Hey there. I have a question concerning the effective masses in silicon. From what I've learned, the effective masses of electrons and holes can be determined from the curvature of the dispersion curve at the extrema. Since the effective mass is inversely proportional to the second derivative of energy, the less curved extrema represent the heavier electrons or holes. The effective mass tables give values of 0,92 (m*/m0) and 0,19 (m*/m0) for the electrons and 0,52 (m*/m0) and 0,16 (m*/m0) for the holes in silicon. Basically, the electron is almost twice as heavy as the heaviest hole. Now the problem I'm facing is that the dispersion curves aren't that diverse from my point of view. So is there a flaw in my way of thinking and why are the electrons heavier in silicon. Thanks in regard.
The effective mass of silicon electrons is an ellipsoid, you are quoting the longitudinal and transverse masses. They are highly ellipsoidal, so the masses will be quite different. As for the others, you are quoting the valence bands (heavy hole and light hole), not too much anisotropy there given the approximation. In more exact formulations the band edge effective masses for the holes is much more anisotropic. There is no reason that the hole masses have to be heavier than the electrons, and I cannot think of any semiconductor where the electron is heavier than the either of the holes. A really good reason escapes me at the present, so I'll have to look at some of my references to better explain it.
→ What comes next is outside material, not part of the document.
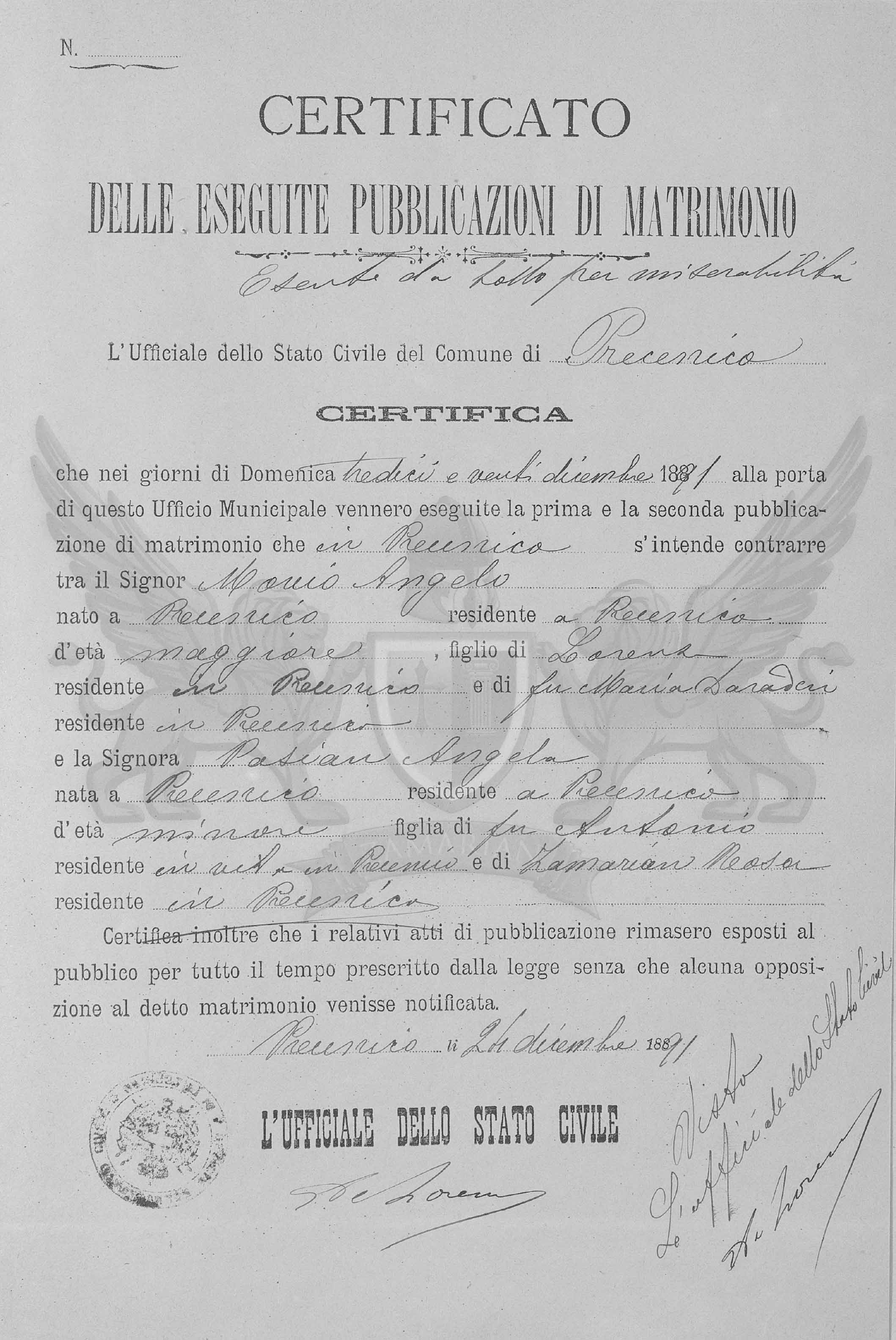 Que nos dias de Domingo treze e vinte de dezembro de 1891 à porta deste Ofício Municipal foram exibidos a primeira e segunda publicações de matrimônio que neste Ofício se intende contrair entre o Senhor Senhor Movio Angelo, nascido em Precenicco, residente em Precenicco de idade maior, filho de Lorenzo e da finada Maria Daradin, residentes em Precenicco e a Senhora Pasian Angela, Camponesa, nascida em Precenicco, residente em Precenicco, de idade menor, filha do finado Antonio e de Zamarian Rosa residente em Precenicco.

My mistake about the transverse/longitudinal masses. I guess I was referring to the density of states effective mass (or whatever the mass that can be determined from the dispersion curves is called). But according to Wikipedia: Material Electron effective mass Hole effective mass Si 1.08 me 0.56 me Ge 0.55 me 0.37 me And I still don't see that big of a difference in silicon. It's more distinct in germanium though. So, I'm guessing there's something wrong with my comprehension of this matter.
It's all in the band structure and how it is calculated. Now one thing that needs to be said, what you quoted above is the effective mass, not the density of states effective mass which is different. The density of states effective mass takes into account the band structure in a more general manner and is not constant with respect to direction in the crystal, I worked it out in my dissertation for anisotropic materials and the originator was my advisor, the link is, J. Appl. Phys. 54, 3612 (1983) .